[Dataset excerpts]
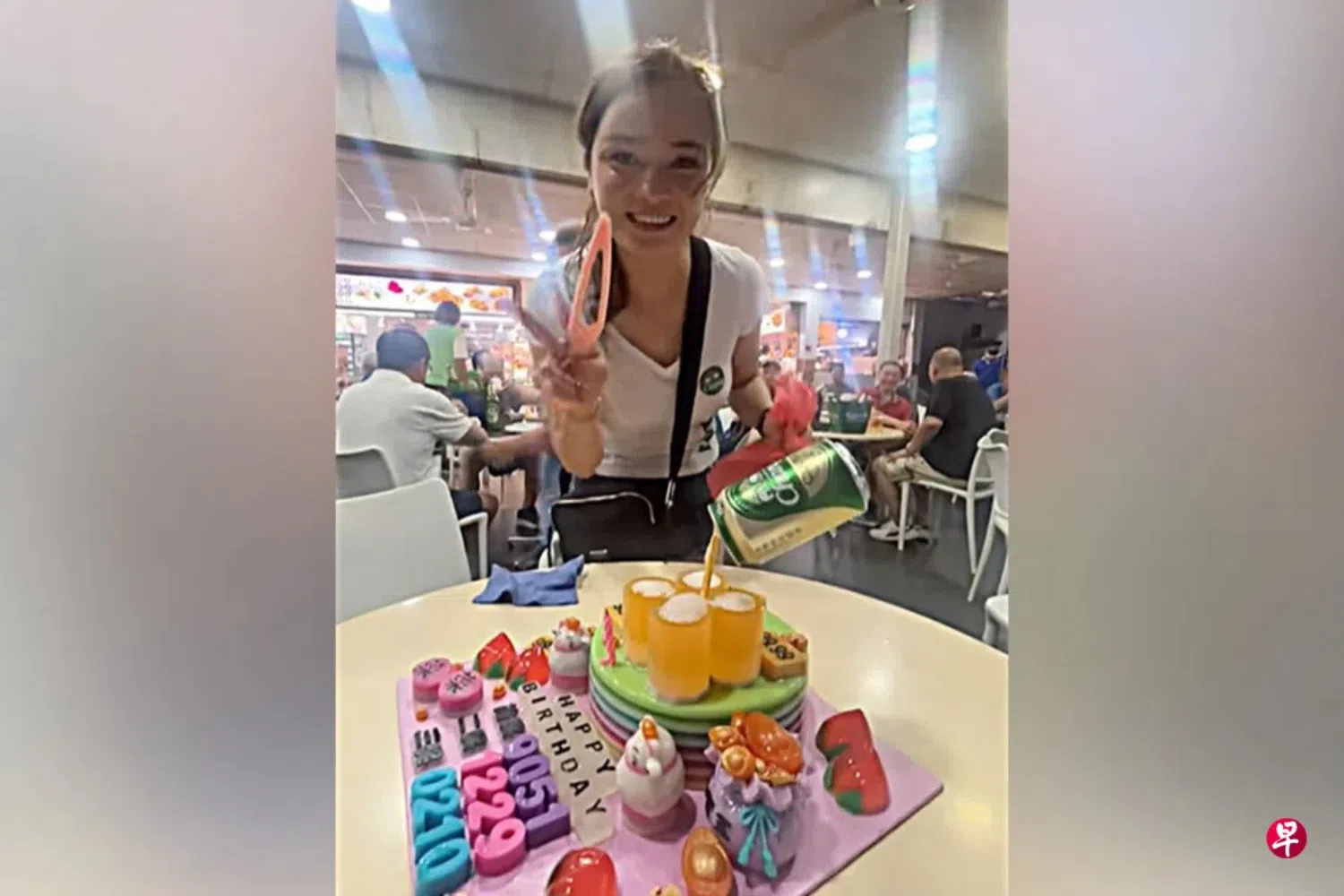 Dozens of customers threw a birthday bash for a beer server at an Ang Mo Kio coffee shop, complete with a cake hiding more than $100 in cash and enough beer orders to cover her week's sales.
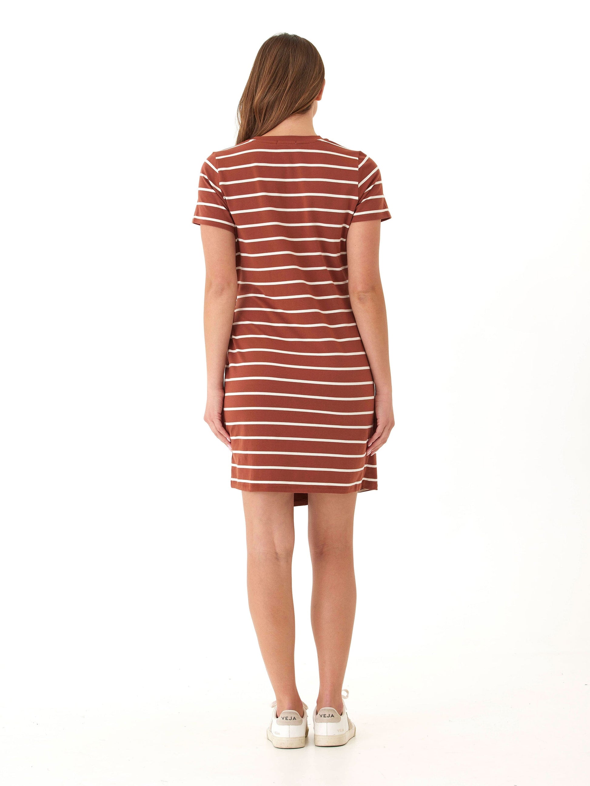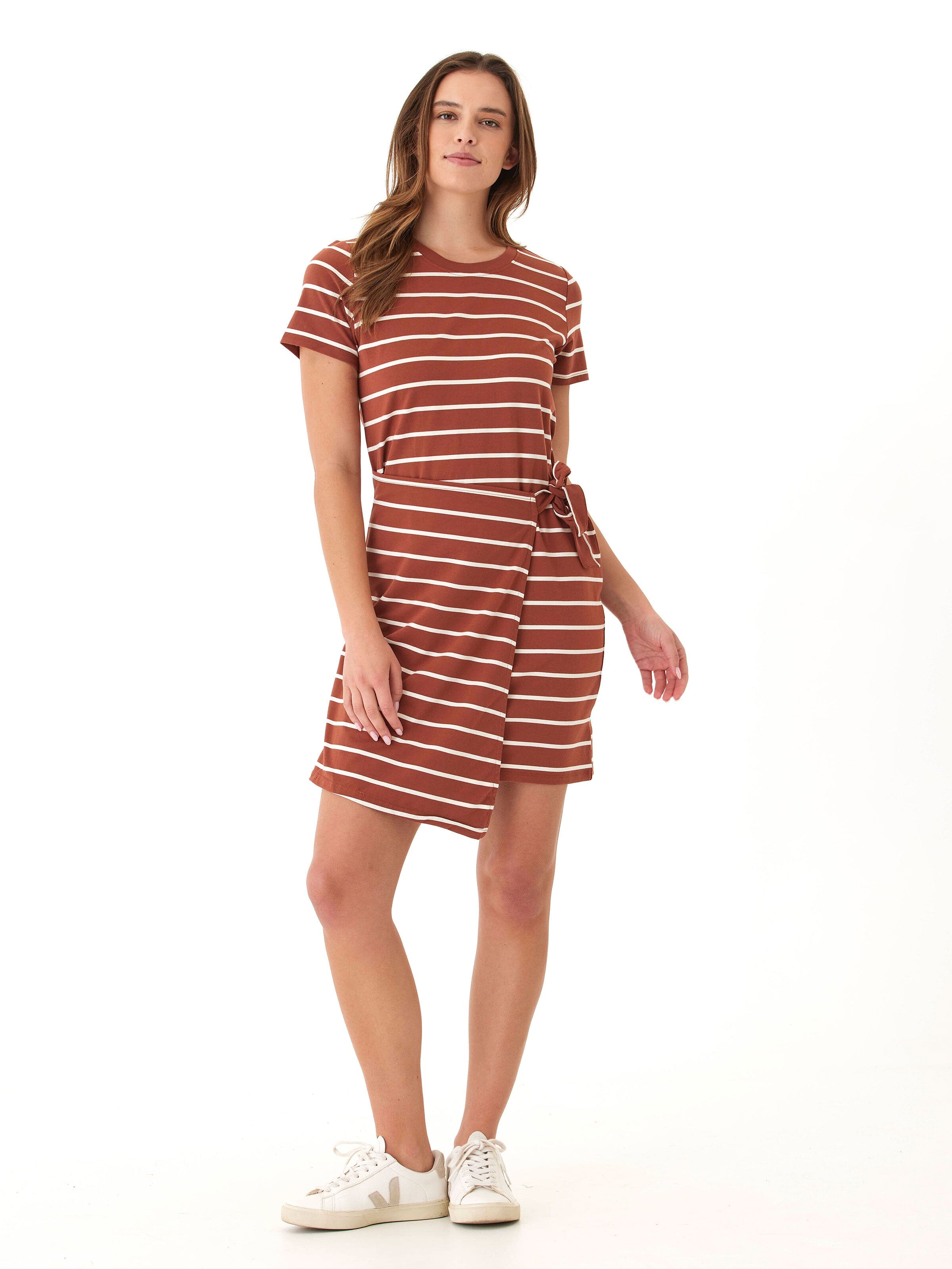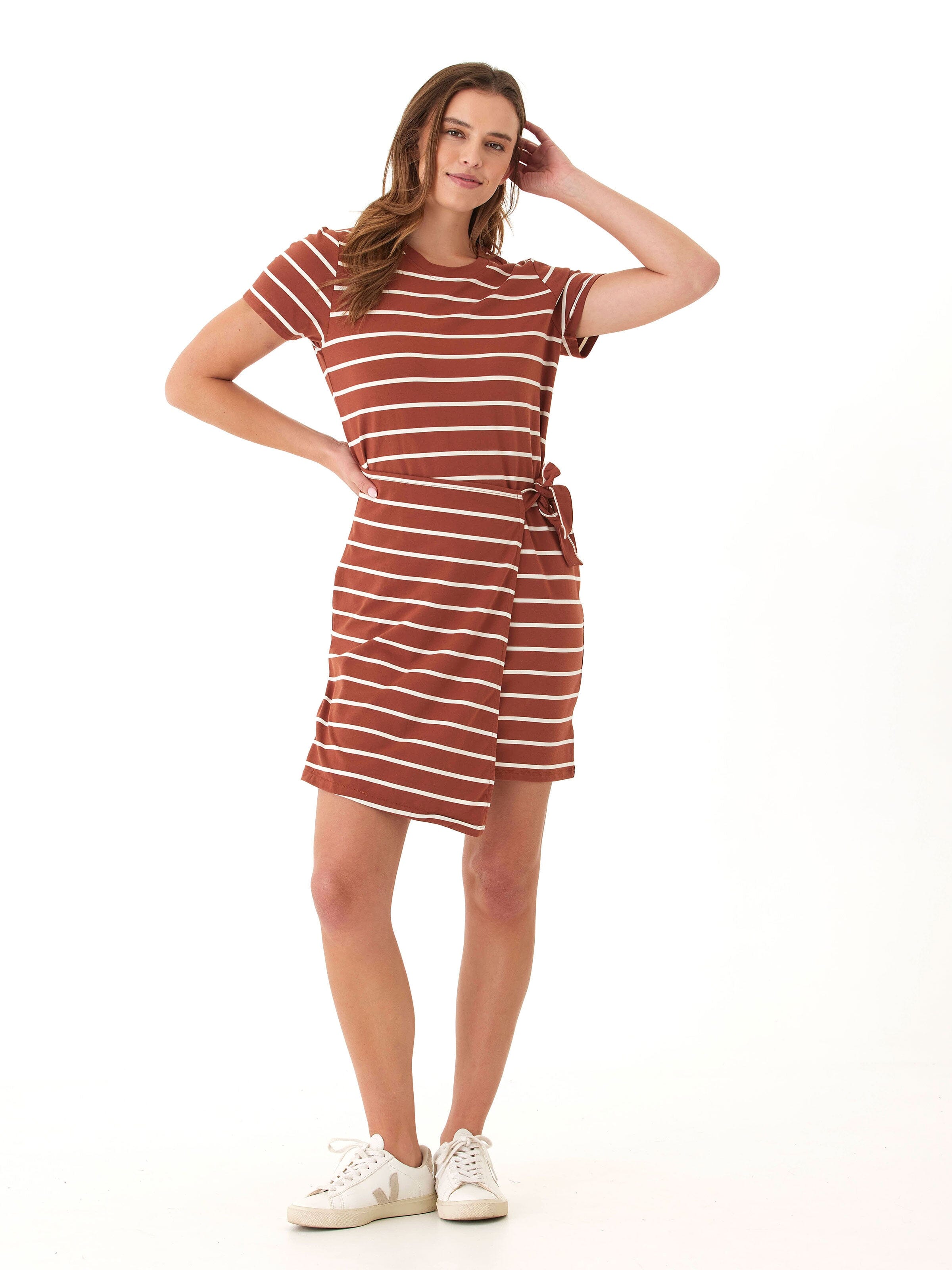 Effortlessly chic and sustainably crafted, our Striped Wrap Tie Dress is the perfect blend of comfort and style. Made from our ultra-soft, breathable Eco Jersey fabric, this dress offers a lightweight feel with just the right amount of stretch for all-day wear. The classic striped pattern and relaxed fit are complemented by a stylish wrap tie at the waist, creating a flattering silhouette.
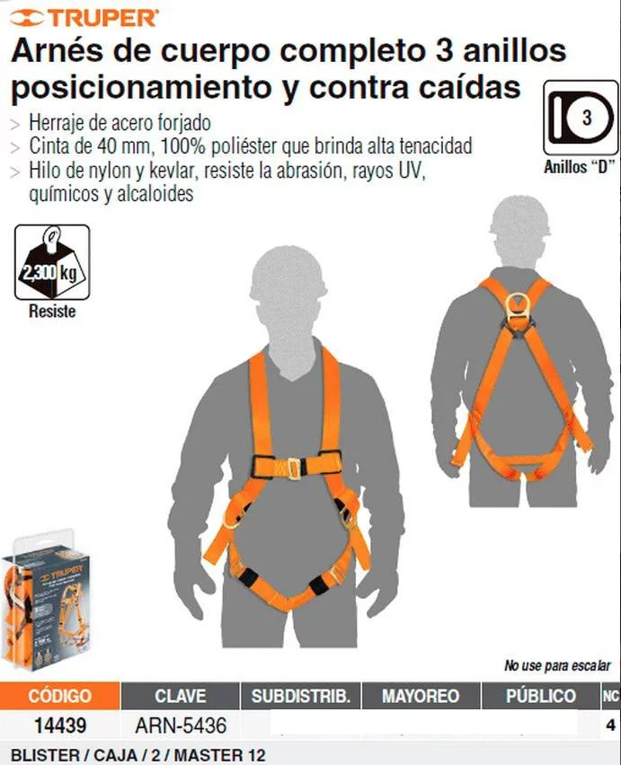 Arnés de cuerpo completo 3 anillos posicionamiento y contra caídas
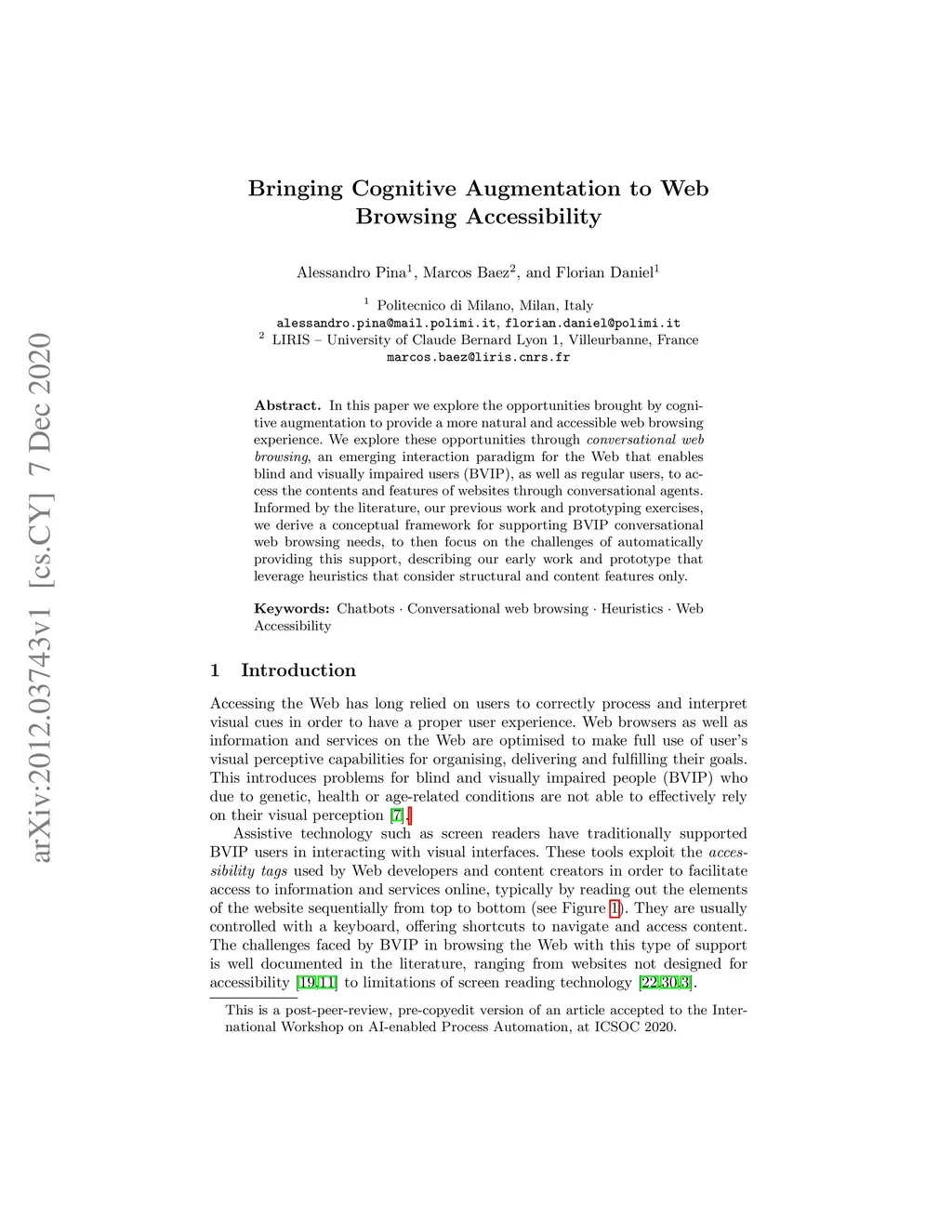Bringing Cognitive Augmentation to Web Browsing Accessibility
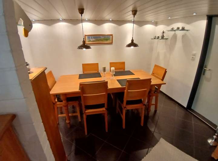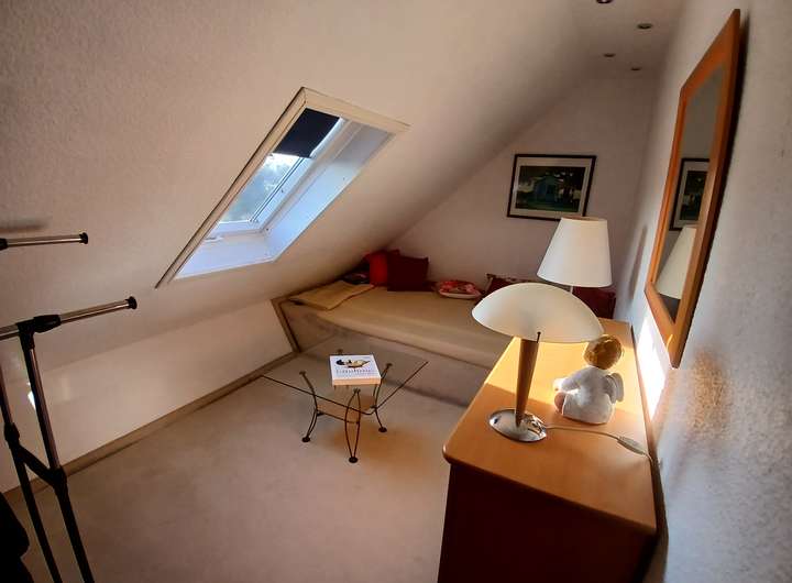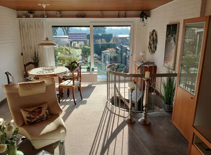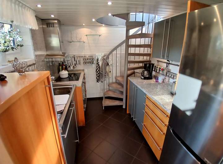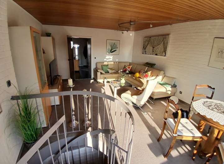 Besonders hervorzuheben ist die pfiffig gestaltete Raumaufteilung. Durch einen integrierten Anbau wurde das Wohnzimmer großzügig erweitert. Gleichzeitig wurde ein geräumiger Eingangsbereich inkl. Gäste-WC geschaffen, in dem die Küche in den Kellerbereich verlegt wurde. Die Küche ist somit über eine geschmackvolle Wendeltreppe vom Wohnzimmer zu erreichen.

How to complete this task:
Excluding images, return all of the records above word for word.

Result of this exercise:
 Dozens of customers threw a birthday bash for a beer server at an Ang Mo Kio coffee shop, complete with a cake hiding more than $100 in cash and enough beer orders to cover her week's sales.
 Effortlessly chic and sustainably crafted, our Striped Wrap Tie Dress is the perfect blend of comfort and style. Made from our ultra-soft, breathable Eco Jersey fabric, this dress offers a lightweight feel with just the right amount of stretch for all-day wear. The classic striped pattern and relaxed fit are complemented by a stylish wrap tie at the waist, creating a flattering silhouette.
 Arnés de cuerpo completo 3 anillos posicionamiento y contra caídas
Bringing Cognitive Augmentation to Web Browsing Accessibility
 Besonders hervorzuheben ist die pfiffig gestaltete Raumaufteilung. Durch einen integrierten Anbau wurde das Wohnzimmer großzügig erweitert. Gleichzeitig wurde ein geräumiger Eingangsbereich inkl. Gäste-WC geschaffen, in dem die Küche in den Kellerbereich verlegt wurde. Die Küche ist somit über eine geschmackvolle Wendeltreppe vom Wohnzimmer zu erreichen.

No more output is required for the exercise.